──────── Exercise data ────────
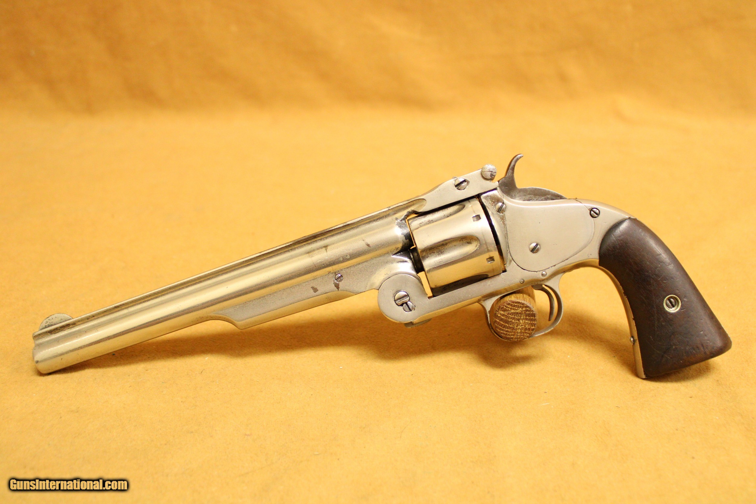 Description: This is a nice Smith & Wesson 2nd Model American revolver that was made in the early 1870's. This gun is in very fine condition with 80%+ of the old nickel intact. The barrel is 7” and appears to be original to the gun and has a great bore. The grips are wood, have an original finish, and are numbered to the frame. The cylinder and latch are matching. Overall this is a very good example and has a really great Old West appearance! All items are also available for sale in our brick & mortar store and are subject to prior sale. Think long, think wrong. Payment On firearms, we typically only accept credit cards or money orders/cashier's checks.
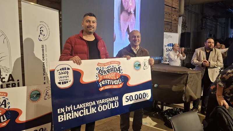 Sinop Belediyesi ile Sinop Kültür ve Turizm Derneği iş birliğinde düzenlenen Lakerda Festivali kapsamında Sabahattin Ali Kültür Merkezi’nde gerçekleştirilen final etkinliğinde birçok yarışmacının hazırladığı lakerdalar jürinin beğenisine sunuldu. Jürinin yaptığı değerlendirmeler sonrasında, en lezzetli 3 lakerdanın sahibi 20, 30 ve 50 bin liralık ödüllerin sahibi oldu.
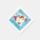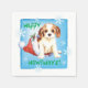 Celebra la temporada navideña con un lindo cachorro Cavalier del rey Charles Spaniel sentado en un sombrero de Santa en medio de copos de nieve y las palabras: ¡Feliz Amanecer!
────────
Aim of the task: All of the listing is to be written out exactly, with the pictures left out.

Written reply:
 Description: This is a nice Smith & Wesson 2nd Model American revolver that was made in the early 1870's. This gun is in very fine condition with 80%+ of the old nickel intact. The barrel is 7” and appears to be original to the gun and has a great bore. The grips are wood, have an original finish, and are numbered to the frame. The cylinder and latch are matching. Overall this is a very good example and has a really great Old West appearance! All items are also available for sale in our brick & mortar store and are subject to prior sale. Think long, think wrong. Payment On firearms, we typically only accept credit cards or money orders/cashier's checks.
 Sinop Belediyesi ile Sinop Kültür ve Turizm Derneği iş birliğinde düzenlenen Lakerda Festivali kapsamında Sabahattin Ali Kültür Merkezi’nde gerçekleştirilen final etkinliğinde birçok yarışmacının hazırladığı lakerdalar jürinin beğenisine sunuldu. Jürinin yaptığı değerlendirmeler sonrasında, en lezzetli 3 lakerdanın sahibi 20, 30 ve 50 bin liralık ödüllerin sahibi oldu.
 Celebra la temporada navideña con un lindo cachorro Cavalier del rey Charles Spaniel sentado en un sombrero de Santa en medio de copos de nieve y las palabras: ¡Feliz Amanecer!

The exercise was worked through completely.